How personal conviction can serve the greater good in public safety

It's critical we maintain strong convictions that define who we are and what we do to better serve our community


I recently listened to a sermon by Dr. Charles Stanley on convictions and preferences. As I listened, it reminded me that when it comes to public safety, policies are a lot like convictions. They provide us standards and principles to protect, guide, motivate and help us to work in a safe, fair and equitable manner. Preferences, on the other hand, often lead to problems and the circumvention of policy and conviction.

The Importance of Convictions

Individual convictions have a hugely powerful influence, on ourselves and others. Convictions keep us on a straight and consistent path. Preferences, on the other hand, are choices we make based on our desires. Preferences may change from day to day as we come under outside influences or people. They are neither straight nor consistent.

Individual convictions have a hugely powerful influence, on ourselves and others. Convictions keep us on a straight and consistent path. Preferences, on the other hand, are choices we make based on our desires.
Individual convictions have a hugely powerful influence, on ourselves and others.
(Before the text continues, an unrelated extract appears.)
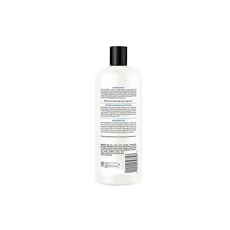 Dry hair is a nightmare. Restore your thirsty locks with TRESemmé Smooth & Silky Conditioner for a boost of intense hydration that transforms dry hair into plush, sleek locks. Without the right heat protectants and daily hydration, it’s almost impossible to avoid the harsh heat damage from flat irons, curling irons and blow dryers. TRESemmé Smooth & Silky Shampoo and Conditioner system delivers intense moisture where your hair needs it most, calming frizz and taming pesky flyaways without weighing your hair down. Our advanced smoothing TRESemmé Smooth & Silky Conditioner, infused with lush Moroccan Argan oil, helps hydrate your unruly tresses, leaving them silky soft and up to 7x smoother.* *TRESemmé Smooth & Silky Shampoo and Conditioner system vs. non-conditioning shampoo Start with TRESemmé Smooth and Silky Shampoo. Apply an adequate amount to first cover mid-shaft to ends. Work anything that's left through roots. Run a wide-tooth comb or fingers from roots to ends to detangle and fully coat hair. Follow with TRESemmé Smooth and Silky Conditioner. Leave on 2-3 minutes, rinse thoroughly and style with your favorite TRESemmé Smooth & Silky styling aids. TRESemmé Smooth & Silky Conditioner moisturizes hair without weighing it down, giving you fabulously smooth, silky-soft tresses.

Convictions keep us on a straight and consistent path. Preferences, on the other hand, are choices we make based on our desires. (Photo/Getty Images)
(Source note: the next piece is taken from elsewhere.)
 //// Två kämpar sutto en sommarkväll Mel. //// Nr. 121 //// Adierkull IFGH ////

Some may claim our convictions are a private matter. In reality, they are constantly on display for all to see. We live them out each day with our words and actions. Whether on duty or off duty, if you are a public servant, we are looked upon as “on duty, all the time.” The fact is, public safety personnel are held to a higher standard than the rest of the public. It’s critical we maintain strong convictions that define who we are and what we do to better serve our community. This is for our safety and wellbeing as much as it is to provide the best possible public service.

Convictions vs. Preferences

This is not to say that we should seek to rid ourselves of preferences. That would be impossible. Instead, we must recognize that we have preferences and they are constantly at work in our decision-making. What gets us into trouble is when we mistake our convictions for preferences, and vice versa.
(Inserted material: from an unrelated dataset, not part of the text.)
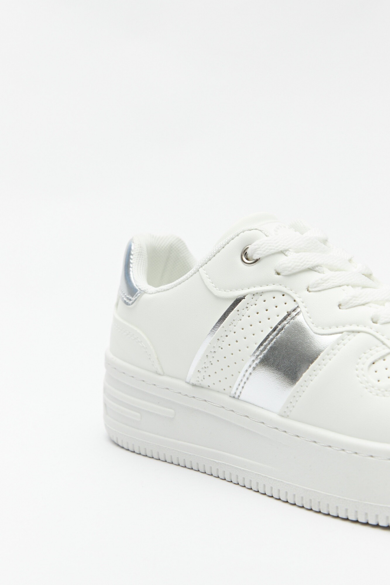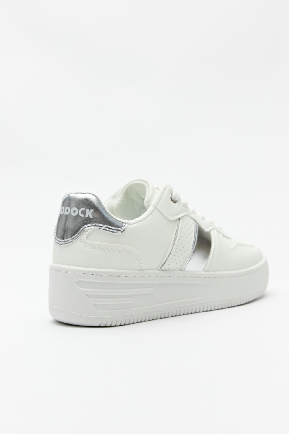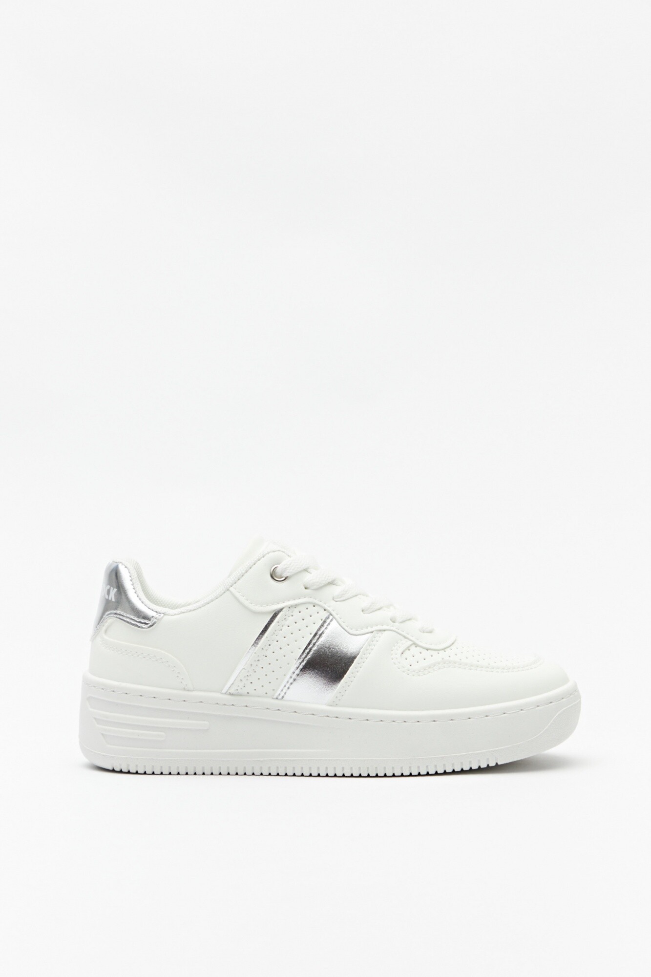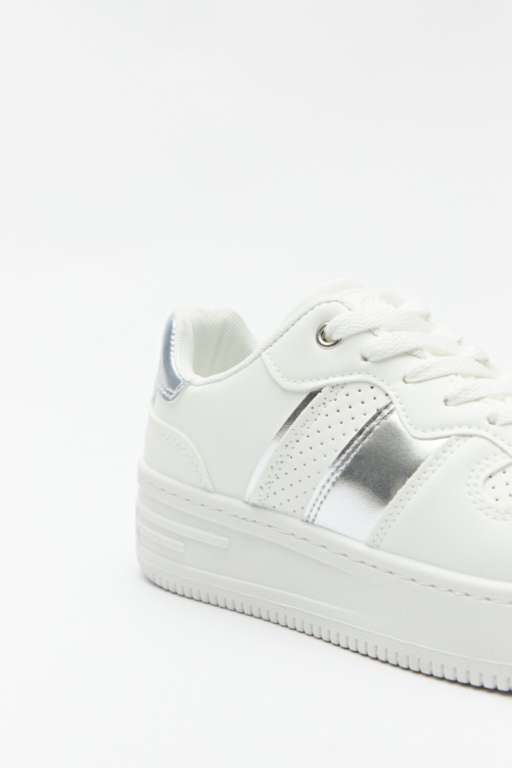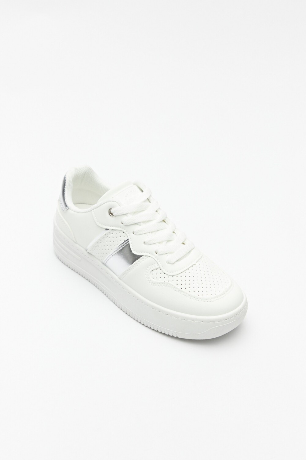 Zapatillas en símil cuero con recortes tanto en gamuza como metalizados y calados entre otros. Tiene una plataforma de 4,5cm de alto.

Let’s face it: People constantly arrive at justifications for doing what’s easy and brings a quick reward—and it often doesn’t end well! Preferences, again, change with the circumstances. Peer pressure, fatigue, hunger, lust, a sense of injury, jealousy—all and more are powerful motivators to do what comes easiest and what will provide immediate gratification.

Convictions, conversely, stand up to temptation. They are rock solid and define who you are as a person. To violate a conviction is recognized immediately as a betrayal of who we are.

And, again, I think there’s a parallel here with departmental policy. All staff must have confidence in policies set by the agency. They must be so thoroughly convinced of its absolute truth and guidance that they are willing to take a stand regardless of the consequences in following that policy through. While policies aren’t laws, they are in a sense more powerful than law: professional and moral lanes of acceptable conduct held within ourselves.

This is why training is so important. Good training describes the how and why of what we do as first responders. You drill on the required skills until they become second nature. Good policy will often allow for discretion, while suggesting best-case outcomes. That’s good. Discretion allows the first responder leeway in interpreting and acting upon the totality of conditions they are facing in the service of a greater good. On the other hand, other policies are lines in the sand. You simply don’t cross them no matter what else is going on.

Characteristics of a Person with Convictions

So, if policies are like convictions, how do we train our first responders to better adhere to policy? Here I am going to look directly to Dr. Stanley, who inspired this column.

  • A sense of purpose: We know where we are headed and walk a definite path to get there by rejecting preferences that can harm us or others, or might get us in trouble. Instead of going with the crowd or seeking profit or pleasure, we follow convictions. Do your personnel have a sense of overarching purpose in all that they do?
  • Trust: This is the strength that enables us to live out our convictions without compromise. It is what our agency expects as well as our community. Do your personnel have trust in their community and agency?
  • Courage: It’s easy to stand for our convictions when we are among like-minded people in our organization. But if we are surrounded by those who think and live by preferences, who are narrow-minded and foolish, we need courage to stand by our convictions. Are your personnel courageous in standing up for what’s right, even if unpopular under certain circumstances?
  • Big-picture thinking: Before surrendering our convictions or denying what we honestly believe, we must look ahead to see the long-term effects of compromise at work and in our lives and in those who watch or listen to us. Do your personnel think beyond the present circumstances and problem solve with an eye to the greater good?

Causes of Compromise of Our Convictions

There are many reasons people compromise their convictions in favor of their preferences, just as there are many reasons people will give for disobeying policy. It can be unpopular to do what’s right, at times. It might require more time or more effort, and standing up for convictions can open up a first responder to criticism or outright rejection. Nevertheless, our priority must be public service—and this must be reflected both in our convictions held at the individual level and also in our policy at the agency level. It’s who we are and it’s what we do, and nothing less will suffice.